The most recent outrage-du-jour focuses on a growing practice known as “political intelligence.”  Big investors, such as hedge funds, understand that when the Obama administration sneezes everyone else catches a cold. And so the “hedgies” want to know when and where Washington will sneeze—before it does.
 
The Washington Post, which editorially encourages big-government efforts, has a story about President Obama’s former top health policy adviser, Elizabeth Fowler, meeting multiple times in 2011 and 2012 with executives from half a dozen hedge funds.
 
Fowler now works for—surprise!—pharmaceutical giant Johnson & Johnson. (Hey, didn’t Obama claim his administration wouldn’t be a revolving door for lobbyists?)
 
The hedgies seek info that could swing the market. Medicare is so large that deciding to pay or not pay for a certain prescription drug or medical device could have a big impact on the manufacturer’s stock price.

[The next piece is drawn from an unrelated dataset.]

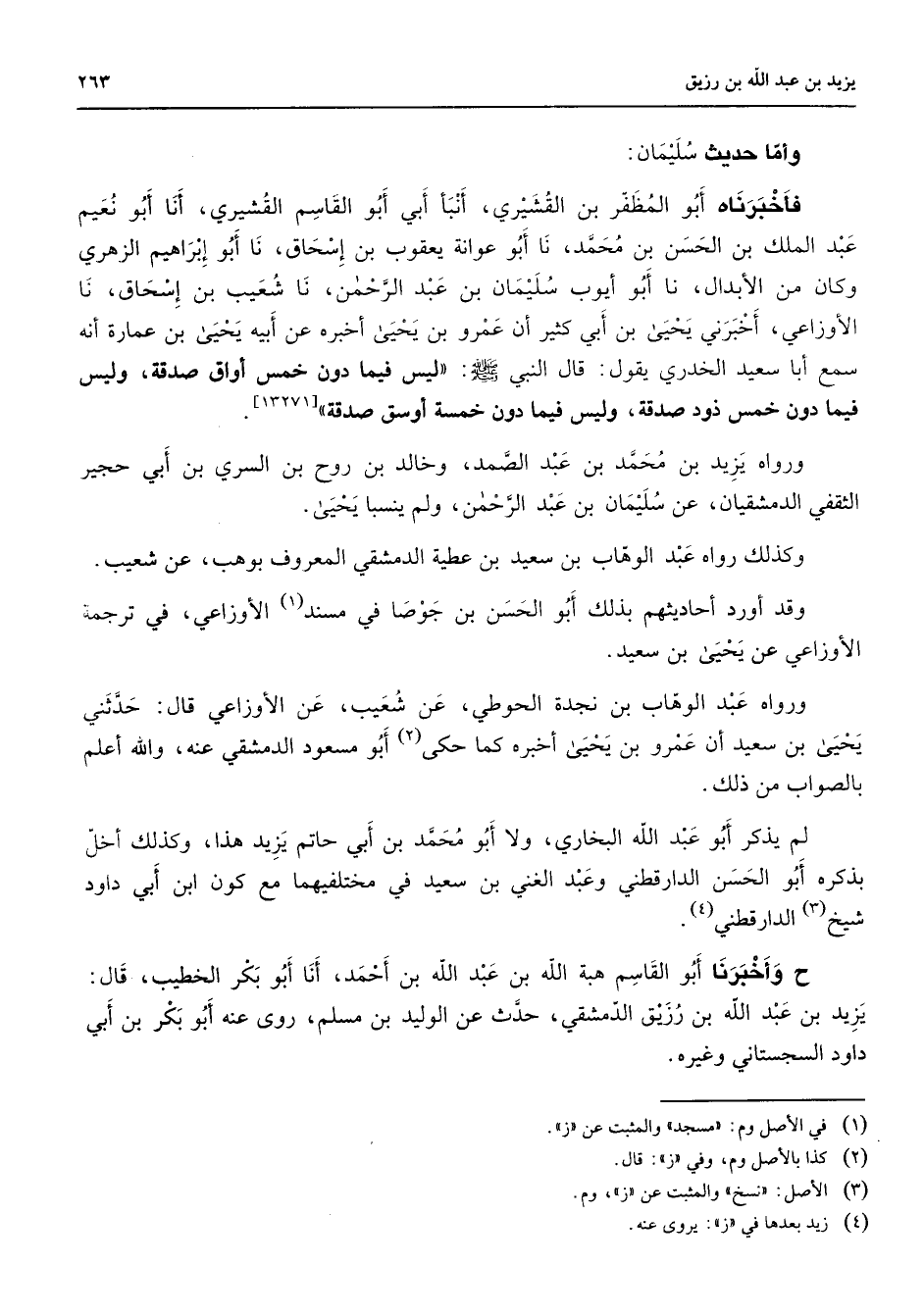 وأما حديث سليمان فأخبرناه أبو المظفر بن القشيري أنبأ أبي أبو القاسم القشيري أنا أبو نعيم عبد الملك بن الحسن بن محمد نا أبو عوانة يعقوب بن إسحاق نا أبو إبراهيم الزهري وكان من الأبدال نا أبو أيوب سليمان بن عبد الرحمن نا شعيب بن إسحاق نا الأوزاعي أخبرني يحيى بن أبي كثير أن عمرو بن يحيى أخبره عن أبيه يحيى بن عمارة أنه سمع أبا سعيد الخدري يقول قال النبي (صلى الله عليه وسلم) ليس فيما دون خمس أواق صدقة وليس فيما دون خمس ذود صدقة وليس فيما دون خمسة أوسق صدقة ورواه يزيد بن محمد بن عبد الصمد وخالد بن روح بن السري بن أبي حجير الثقفي الدمشقيان عن سليمان بن عبد الرحمن ولم ينسبا يحيى وكذلك رواه عبد الوهاب بن سعيد بن عطية الدمشقي المعروف بوهب عن شعيب وقد أرد أحاديثهم بذلك أبو الحسن بن جوصا في مسند (1) الأوزاعي في ترجمة الأوزاعي عن يحيى بن سعيد ورواه عبد الوهاب بن نجدة الحوطي عن شعيب عن الأوزاعي قال حدثني يحيى بن سعيد أن عمرو بن يحيى أخبره كما حكى (2) أبو مسعود الدمشقي عنه والله أعلم بالصواب من ذلك لم يذكر أبو عبد الله البخاري ولا أبو محمد بن أبي حاتم يزيد هذا وكذلك أخل بذكره أبو الحسن الدارقطني وعبد الغني بن سعيد في مختلفيهما مع كون ابن أبي داود شيخ (3) الدارقطني (4) ح وأخبرنا أبو القاسم هبة الله بن عبد الله بن أحمد أنا أبو بكر الخطيب قال يزيد بن عبد الله بن رزيق الدمشقي حدث عن الوليد بن مسلم روى عنه أبو بكر بن أبي داود السجستاني وغيره

And investors would like to know that so they could profit from it.
 
In the Post article, the issue had to do with whether the Obama administration would increase funding for the Medicare Advantage program, in which about 25 percent of seniors get their Medicare coverage from private sector health plans. (ObamaCare actually cuts Medicare Advantage funding, but the administration has postponed those cuts for mostly political reasons.)
 
Hedge funds make big bets on the market, up or down, so a little hint about a forthcoming decision, even if inadvertently or innocently dropped by an official, could mean big profits.
 
The Post article provides no evidence that Fowler or other Obama officials did anything wrong, and maybe they didn’t. But it’s easy to see why hedge fund execs would want to visit.
 
Now, Rep. Louise Slaughter (D-NY) wants to put a stop to officials meeting with investors, even though she votes FOR EVERY big-government program that can make or break private sector companies and industries.
 
But the best way to reduce the demand for political intelligence, and lobbyists, is for the government to get out of the business of business. If government micromanagement and whims didn’t move markets, affecting billions of dollars in an instant, no one would care about government officials—and maybe that’s exactly the point.